There are three main concepts when it comes to personal energy:

1. Eliminate the clog

If you have clogged arteries, the blood doesn’t flow. The same is true for clogged drains or pipes. When the blood doesn’t flow or the water doesn’t drain, we may end up with some major catastrophe. Sometimes we need to unclog the pipes. If there is too much accumulation of debris (unwanted waste), we will end up with a blockage. If we imagine that debris is our emotional stress, physical clutter, or other unwanted things we want out of our life, this is what can block our energy flow.

  • Make a list of these unwanted items/situations. Work on eliminating one item at a time to help unclog the energy flow. It’s not easy and sometimes it takes another person to help us with this. This will help the energy flow better.
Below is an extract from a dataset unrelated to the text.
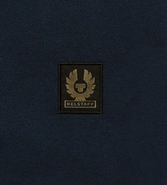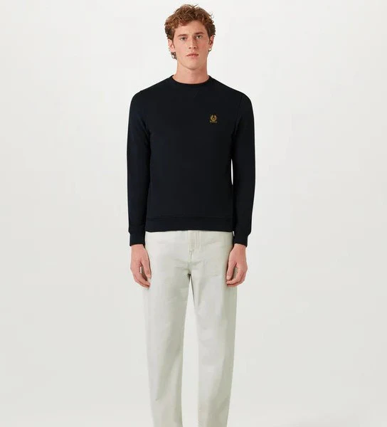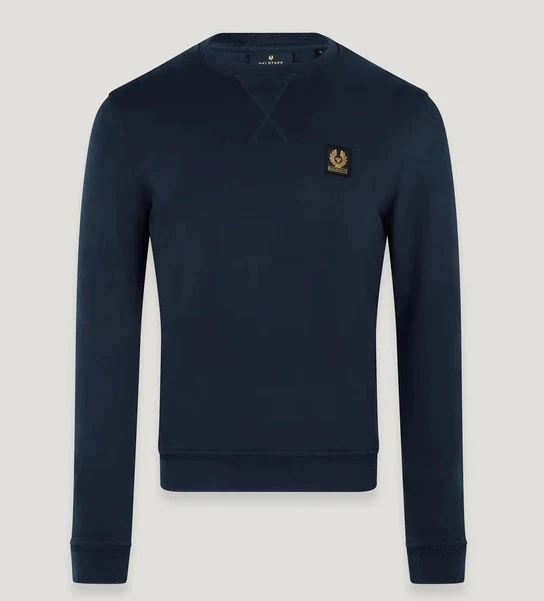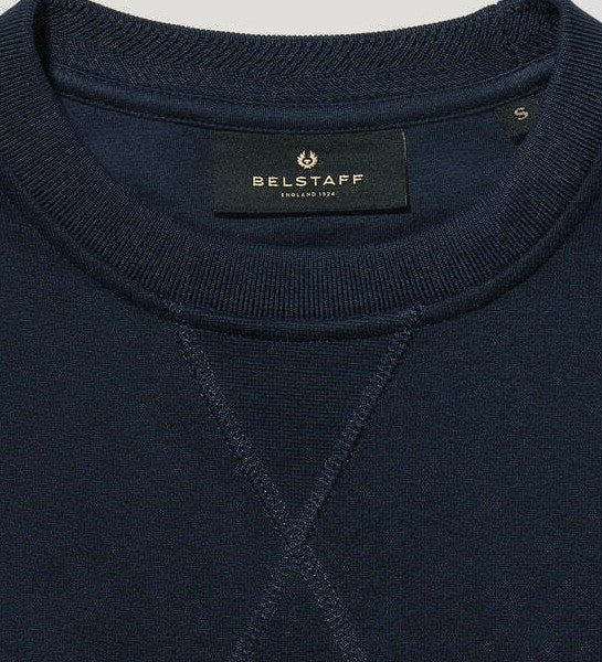 Felpa blu uomo in cotone, realizzata in morbido jersey di cotone, girocollo e maniche lunghe, con dettaglio cucitura a V sul colletto; polsini, bordo e colletto a coste.
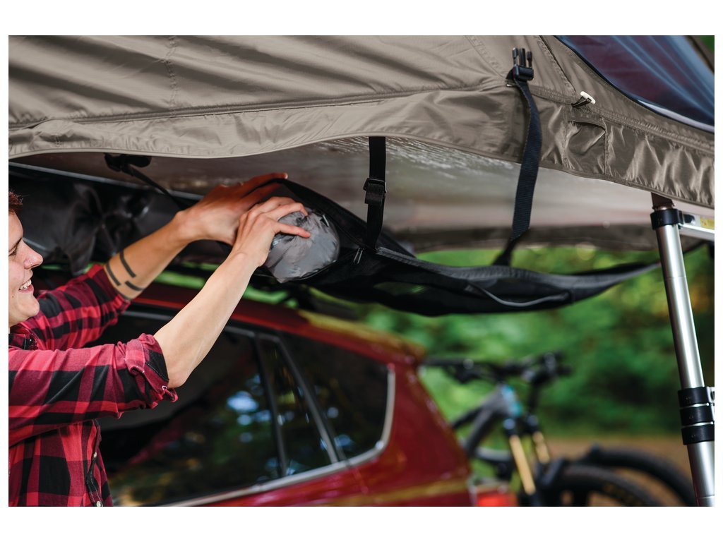 Na upevnění do interiéru použijete poutka, která se provléknou přes konstrukci stanu a k uchycení do exteriéru použijete úchyty určené na zasunutí do SideTrack™.

2. Close the drains and fix the leaks

Imagine trying to fill up a sink with water. In my bathroom, I have one of those stubborn metal levers that you pull on to close the drain. If the drain doesn’t close properly, down the sink goes the water. I try to fill the sink with water as it’s going down the drain. Or imagine you have a big pool, and it springs a leak. You have to keep adding water to the pool until you get the leak fixed.  This is an analogy to trying to boost yourself up with positive and helpful energy, and as fast as you are adding it to your energy pool, it’s going down the drain or leaking out. It’s important to get those stoppers and leaks fixed so that you can reserve that precious energy for when you really need it.

  • Reflect on what your energy drains are. Fix them or eliminate them altogether. When these drains are corrected, the energy you have will be allocated in a positive direction.

3. Keep the positive energy flowing and utilized in the most efficient way possible

I know for myself, I get a boost of mental and physical energy when I exercise. It gets my blood pumping and keeps the positive energy flowing. I have better energy flow when I feel happy, when I am productive and when I have exciting plans (travel, projects, etc.). I feel energized after a great nights’ sleep. Plus, I feel more energy after drinking one of my favourite caffeinated beverages. 🙂

  • Explore where your supply of positive energy comes from. Make sure you get a sufficient dose on a regular basis so that you have enough energy to handle whatever may come your way. Life isn’t always easy, so we need lots of energy in storage to handle those difficult times. This will ensure we have the energy to “get back up again.”

Please share your experiences and thoughts on the subject of energy drains and energy boosts.